Lotte Duty Free said that heavy investment in improved facilities had reaped rewards. In August 2016, the Myeong-dong store’s 12th floor was expanded to ease shopping congestion and enhance the offer. In October 2018, Lotte opened a revamped “Star Avenue Corner” on the first floor of the flagship store and ‘Blooming Beauty’, a 519sq m shop-in-shop that houses around 130 brands, 60 of them SME labels and 30 of them independently owned.
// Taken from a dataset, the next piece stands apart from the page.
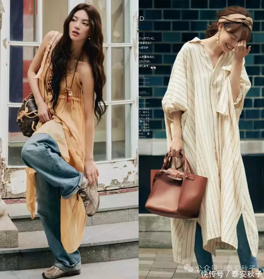 比如左图中好意思女穿的吊带连衣裙,属于纯欲风的一类。下身穿的牛仔裤,又是失业风的一种。
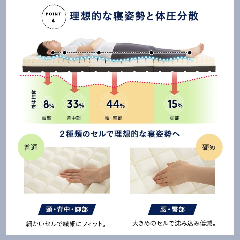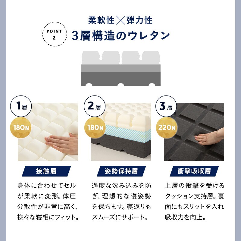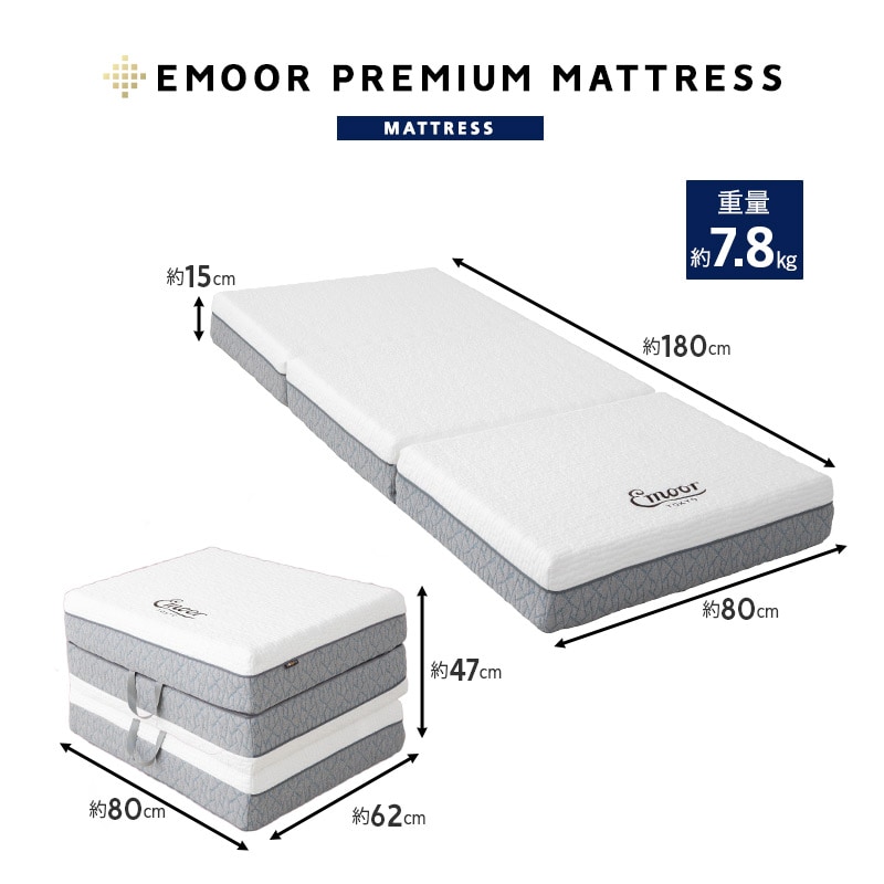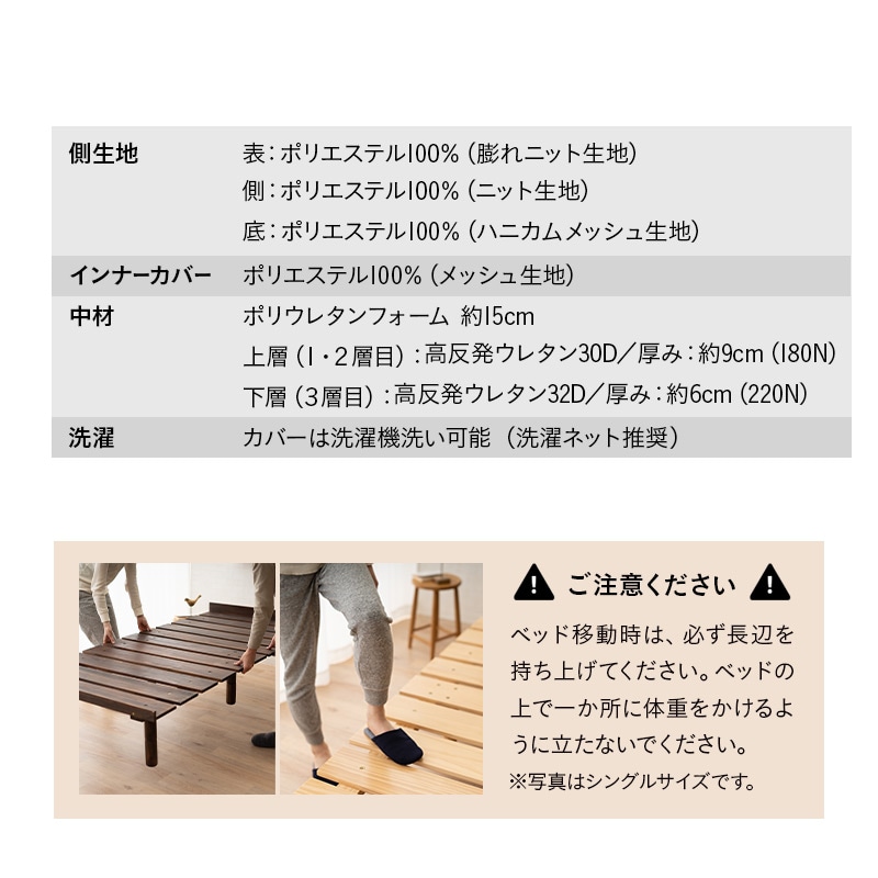 ■サイズ セミシングルショート:約幅80×奥行180×厚さ15cm (折りたたみ時:約幅80×奥行62×高さ47cm) ■組成 側生地(表面):ポリエステル100%(膨れニット生地) 側生地(側面):ポリエステル100%(ニット生地) 側生地(底面):ポリエステル100%(ハニカムメッシュ生地) インナーカバー:ポリエステル100%(メッシュ生地) 中材(1・2層目):高反発ウレタンフォーム 30D/180N 中材(3層目):高反発ウレタンフォーム 32D/220N ■製品重量 約7.8kg ■お手入れ方法 カバーを取り外して洗濯機洗い可能 ※洗濯ネット使用推奨 |

“Through this, we are diversifying brands and achieving mutual growth,” Lotte said. In April last year, the company unveiled its KRW10 billion ($9 million) Star Lounge in Myeong-dong for top VIP customers. Invitations to brand events for houses such as Chanel and Swarovski have generated “hot reaction” among customers, the company said.

The story so far

Lotte Duty Free started trading in 1980 at its Myeong-dong store. It has been South Korea’s number one duty free retailer ever since (and the Myeong-dong shop the country’s most popular door). Annual sales reached KRW 2.2 billion in 1980 (just under $2 million at today’s exchange rates), rising to KRW 1 trillion ($895.4 million) by 2011 when South Korea’s Chinese tourism boom began.

Sales rose to KRW 2 trillion in 2015, and KRW 3 trillion in 2016.